※写真は過去の公演より 撮影:原貴彦
作品について

 『思い出を売る男』は、浅利慶太の慶応高校時代の恩師であり、演劇活動における精神的支柱であった故・加藤道夫氏が、第二次世界大戦終戦から6年後の1951年に発表した戯曲です。戦後まだ“焼け跡”だった街を舞台に、新たな価値観のもとで生きていこうとする人々の姿が瑞々しく描かれています。
 初演は1992年、劇団四季創立40周年公演として上演されました。演出の浅利のほか、照明は吉井澄雄、出演者にも日下武史、井関一、水島弘など創立メンバーたちが名前を連ねています。
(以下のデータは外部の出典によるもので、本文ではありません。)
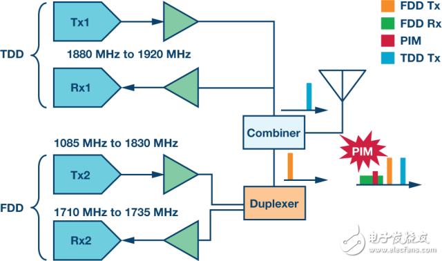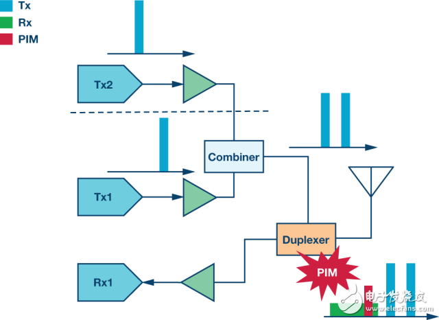 图5显示了这种配置的概貌。在这个例子中,客户试图实现一个复杂但现实的配置。一个分支是TDD双频,另一分支是FDD单频,采用一个双工器。信号汇合起来,共享单根天线。Tx1和Tx2信号之间的无源交调发生在来自合并器的路径中、到天线的传输线路中以及天线本身中。所得的交调伪像落回到FDD接收机频段Rx2。

音楽は、高校時代に浅利や日下たちとともに加藤の薫陶を受けた林光が担当。心にしみる美しい旋律が作品世界に一層の深みを与えます。浅利は節目ごとにこの作品を上演してきました。
 「自分たちの手で新しい演劇運動を起こしなさい」と語った加藤によって、演劇の扉をくぐり、演劇への祈りや魂を受けた若者たちが劇団四季を旗揚げしました。浅利たちは加藤氏が逝去した後も常に恩師との対話を繰り返しながら歩み続けてきました。
 「加藤先生は僕らに、最初に劇の美しさを教えてくれた。演劇人としての生き方を教えてくれた。」「加藤先生は詩劇人と言っていいような、ロマンティックな方でした。この作品には先生の魂の美しさが輝いています。」浅利は生前このように語っていました。
 2019年「浅利慶太追悼公演」シリーズは、浅利にとって特別なこの作品でラストを飾ります。

加藤道夫について

 1918年福岡生まれ。
 慶応大学英文学部に進学後、同期生の芥川比呂志たちとともに新演劇研究会を結成、ジャン・ジロドゥと折口信夫に大きな影響を受けます。1944年には自身の青春の遺書とも言える『なよたけ』を脱稿。その直後に陸軍通訳官としてニューギニアに赴任します。
 『なよたけ』が雑誌「三田文学」に発表されたのは、敗戦のイメージが色濃く残る1946年。瑞々しい感性で描かれた作品世界は、文壇で大きな注目を集めます。
 その頃加藤は文学座に所属しながら、慶応高校の英語教師をしていました。当時の新劇界の現状に批判的だった彼のもとに、浅利慶太や日下武史たち学生が集いはじめます。彼らもまた演劇の新しい方向性を模索していたのです。夢見るような眼差しでフランス演劇を語る加藤の言葉に若者たちは耳を傾け、彼の導きで知ったジャン・ジロドゥの世界、西欧演劇の伝統と光輝、舞台における詩と幻想に心酔しました。
 加藤は学生たちに「自分たちの手で新しい演劇活動を起こしなさい」と語りかけます。その中には浅利や日下の他に水島弘など、後の劇団四季創立メンバーたちがいました。
 浅利たちが劇団四季を旗揚げしたのは1953年7月。ところが同じ年の終わり、メンバーは加藤道夫の急逝の報に接します。旗揚げ公演直前のことでした。
 恩師から演劇の未来と希望を託された形で船出した劇団は、その後、日本演劇界に新しい風を起こします。
 加藤が亡くなり65年。創立メンバーからバトンを受け継いだ次の世代にとっても、加藤道夫の存在は大きな指針となっています。

ものがたり

 「思い出を売ります。美しい音楽に蘇る幸福な夢」
物語は、敗戦後の、どこか不思議な雰囲気の漂う薄暗い裏街が舞台。
一人の男がオルゴールとサクソフォンを奏でながら“思い出”を売っている。
そこへ訪れるまだ思い出を持つことがない無邪気で幼い花売り娘、重く暗い影を引きずって生きる街の女、たくましくしたたかに俗世を生きる広告屋、故郷の恋人に想いを馳せるGIの青年、陽気な乞食、そして思い出をなくした黒マスクのジョオ。
 いずれも、戦争によって「過去」と「現在」を大きく隔てられた人たち。音楽によって思い出を呼び覚まされた人間たちは、そこに何を思うのか……。